Но сны — это только особый случай жизни в борьбе за трансвыживание человека. Они находят выражение главным образом в ритуалах, символах, художественном творчестве, поэзии, драме и музыке. Наше утилитарное мышление пыталось, что вполне логично, интерпретировать все эти явления как функции выживания (вульгарный марксизм иногда присоединялся по существу, хотя не по форме, к этому типу материализма).
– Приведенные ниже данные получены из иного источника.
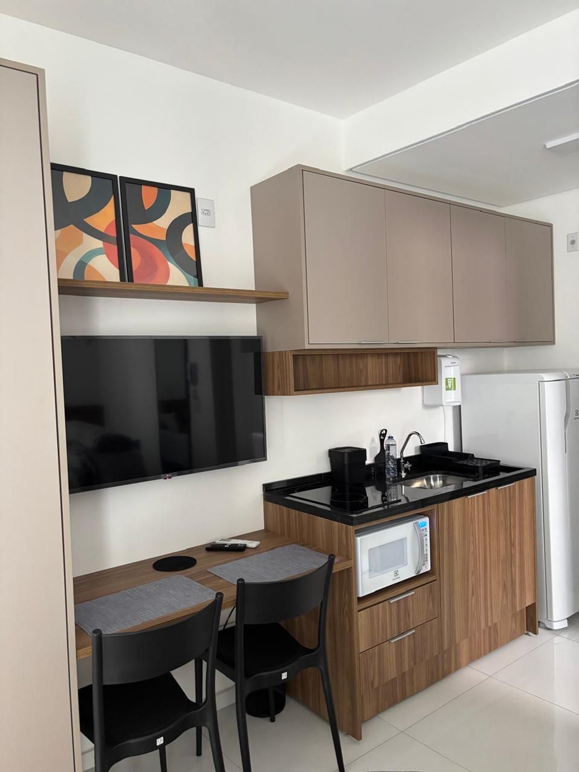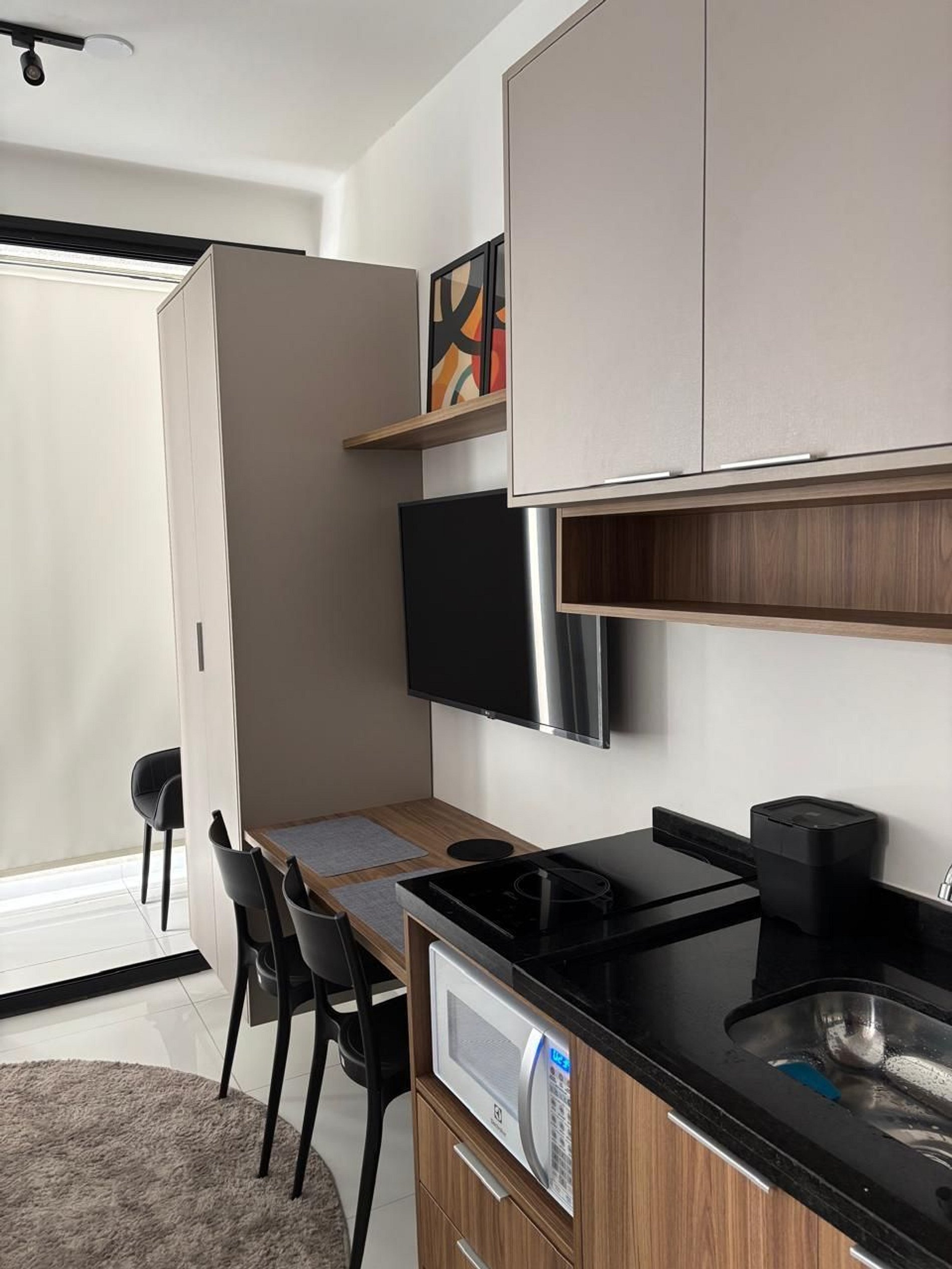 Desfrute de uma estadia charmosa e confortável neste apartamento moderno, perfeito para até 2 pessoas. O espaço é bem planejado, com cozinha compacta equipada e uma agradável sacada para relaxar.

Более глубокие исследователи, например Льюис Мамфорд и другие, ставили акцент на том факте, что наскальная живопись во Франции и орнаменты на примитивных глиняных изделиях, как и более совершенные формы искусства, не имели утилитарной цели. Можно сказать, что их функцией было оказание помощи в выживании человеческому духу, а не человеческому телу.

Такова связь между красотой и истиной. Красота — противоположность не безобразному, а фальшивому; это чувственное выражение сущности вещи или личности. Создание прекрасного предполагает, согласно дзэнбуддистскому мыслителю, состояние ума, в котором создатель «опустошил» себя, чтобы наполниться изображаемым так, что оно становится им. «Красота» и «безобразие» просто условные категории, изменяющиеся от культуры к культуре. Тенденция личности среднего уровня развития приводить «закат» как образец прекрасного может служить ярким примером нашей несостоятельности в оценке красоты; разве дождь или туман не столь же прекрасны, хотя они иногда менее приятны для тела.

Все великое искусство именно из‑за этой сути находится в конфликте с обществом, с которым оно сосуществует. Оно выражает истину о существовании независимо от того, служит ли эта истина целям выживания данного общества или мешает им. Все великое искусство революционно, потому что оно освещает действительность человека и ставит под вопрос действительность различных переходных форм человеческого общества. Даже более того, художник как политический реакционер более революционен, если он великий художник, чем творческие деятели «социалистического реализма», т. к. они только отражают, как в зеркале, особую форму своего общества с его противоречиями.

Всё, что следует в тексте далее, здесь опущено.